Synthesis and stability of biomolecules in C-H-O-N fluids under Earth's upper mantle conditions

TL;DR

This study uses ab initio molecular dynamics simulations to demonstrate that complex biomolecules can form and remain stable in Earth's upper mantle conditions, suggesting a potential pathway for life's origins from deep Earth geofluids.

Contribution

It reveals that organic molecules like glycine, ribose, urea, and uracil-like compounds can form and persist under extreme P-T conditions without catalysts, providing new insights into abiotic biomolecule synthesis.

Findings

Organic molecules are stable in C-H-O-N fluids at high P-T conditions.

Five-membered-ring ribose forms are predominant at extreme conditions.

C-N bonds are thermodynamically stable at 10 GPa and 1400 K.

Abstract

How life started on Earth is an unsolved mystery. There are various hypotheses for the location ranging from outer space to the seafloor, subseafloor or potentially deeper. Here, we applied extensive ab initio molecular dynamics (AIMD) simulations to study chemical reactions between NH$_3$, H$_2$O, H$_2$, and CO at pressures (P) and temperatures (T) approximating the conditions of Earth's upper mantle (i.e. 10-13 GPa, 1000-1400 K).
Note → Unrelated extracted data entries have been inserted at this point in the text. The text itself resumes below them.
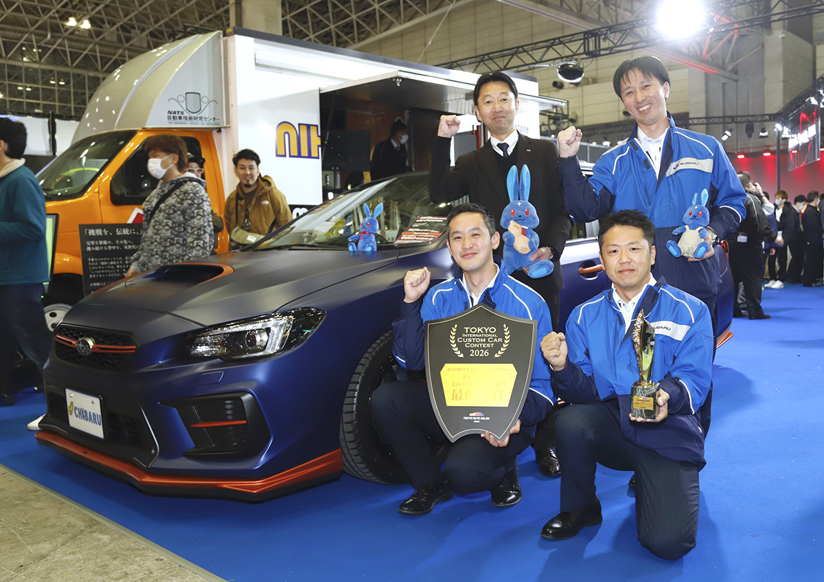 東京オートサロン2026 の最終日に発表された、「東京国際カスタムカーコンテスト2026」。ドレスアップ・ミニバン/ワゴン部門の最優秀賞に輝いたのは、NATSブースに展示された、千葉スバル株式会社制作による「レヴォーグ VMB STI」でした!
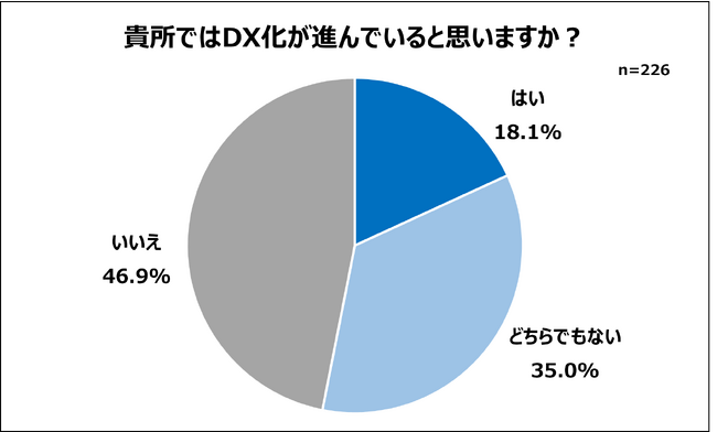 最後に、「貴所ではDX化が進んでいると思いますか?」という質問をしたところ、『進んでいる(はい)』(18.1%)、『どちらでもない』(35.0%)、『進んでいない(いいえ)』(46.9%)という結果になりました。最多となった事務所でのDX化が進んでいないと回答した人からは
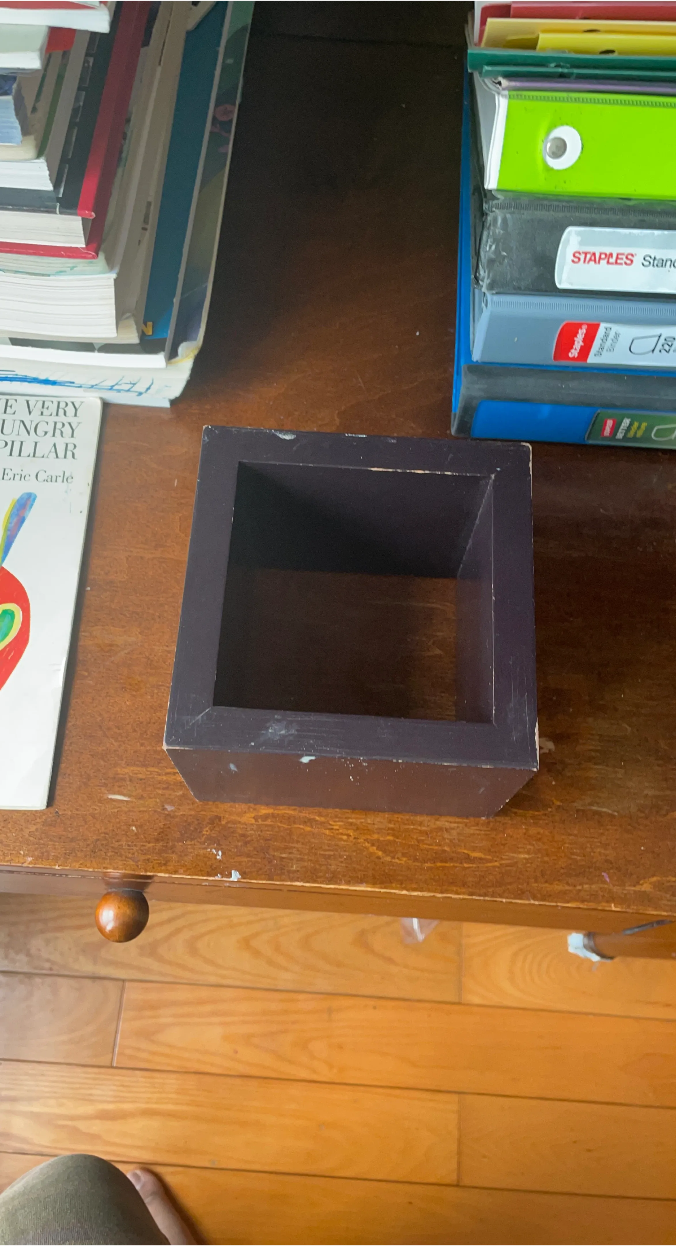 A small dark brown display shelf by Melannco. It's made in China and features mounting holes on the back. Perfect for displaying small decorative items!
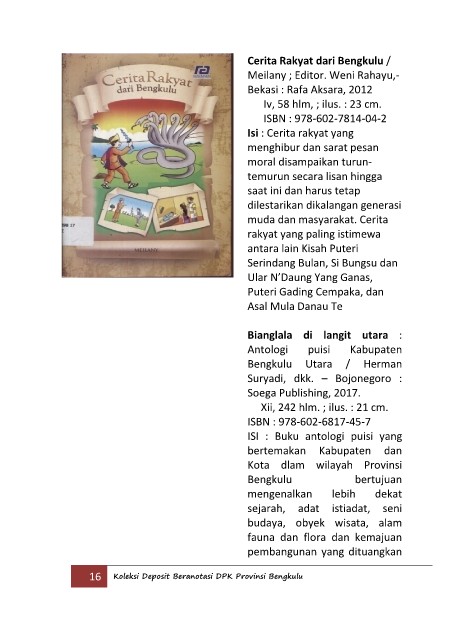 16 Koleksi Deposit Beranotasi DPK Provinsi Bengkulu
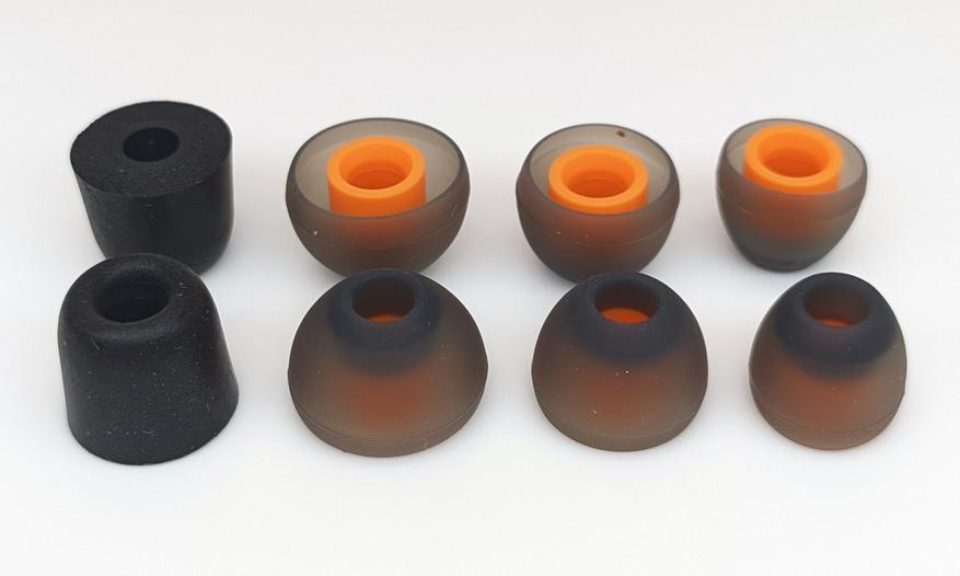 Наушники очень удобные, но комплектные насадки мне не очень подошли. У них жесткий, толстый и длинный звуковод и довольно жесткий купол. Вкупе с широким звуководом наушников мне даже с размером насадок S стало давить в ушном канале. Но из опыта общения с другими меломанами я понял, что у меня не очень широкий, по-научному называемый наружный слуховой проход. Еще наушники довольно сильно торчали из ушей с этими насадками. Но стоит отметить, что чувствуются они по исполнению как что-то брендовое. У них немного нестандартная вытянутая форма и приятный, бархатистый и цепкий материал. Пенные же — как обычные пенки.
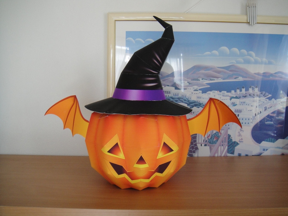 ペーパークラフトやカボチャのライトが置いてあるので、彼女の居場所が半分以下になってしまいました
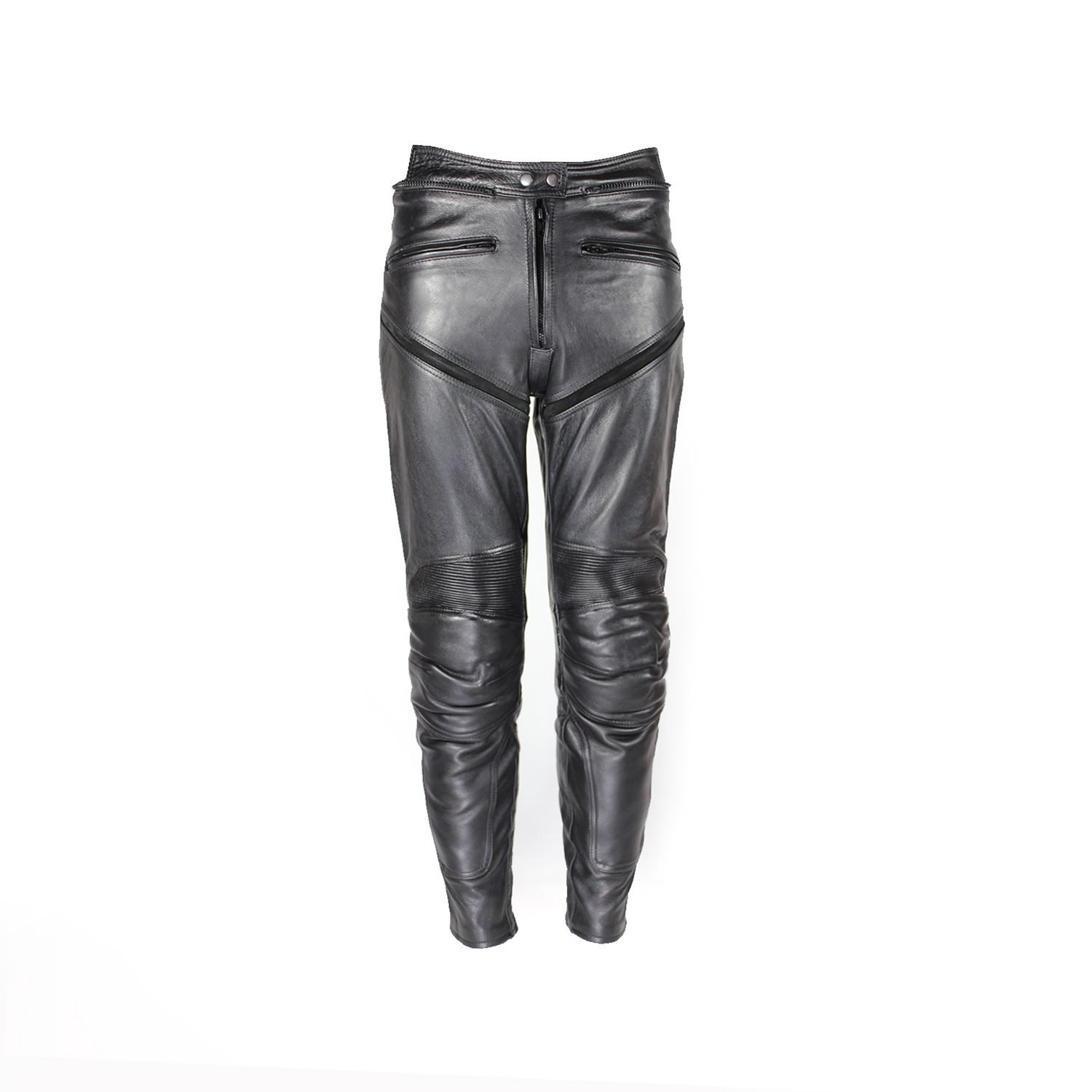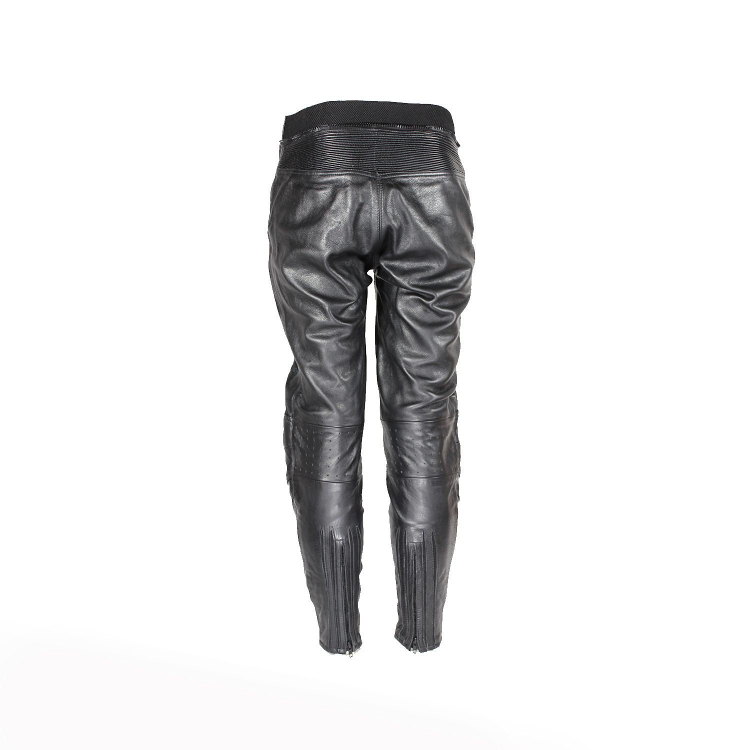 Women’s café-racer pants with perforated leather and foam knee/hip protection. Designed for a snug, comfortable fit with connection zippers.

Contrary to the previous assumptions that larger organic molecules might readily disintegrate in aqueous solutions at extreme P-T conditions, we found that many organic compounds formed without any catalysts and persisted in C-H-O-N fluids under these extreme conditions, including glycine, ribose, urea, and uracil-like molecules. Particularly, our free energy calculations showed that the C-N bond is thermodynamically stable at 10 GPa and 1400 K. Moreover, while the pyranose (six-membered-ring) form of ribose is more stable than the furanose (five-membered-ring) form at ambient conditions, we observed the predominant formation of the five-membered-ring form of ribose at extreme conditions, which is consistent with the exclusive incorporation of $\beta$-D-ribofuranose in RNA. We have uncovered a previously unexplored pathway through which the crucial biomolecules could be abiotically synthesized from geofluids in the deep interior of Earth and other planets and these formed biomolecules could potentially contribute to the early stage of the emergency of life.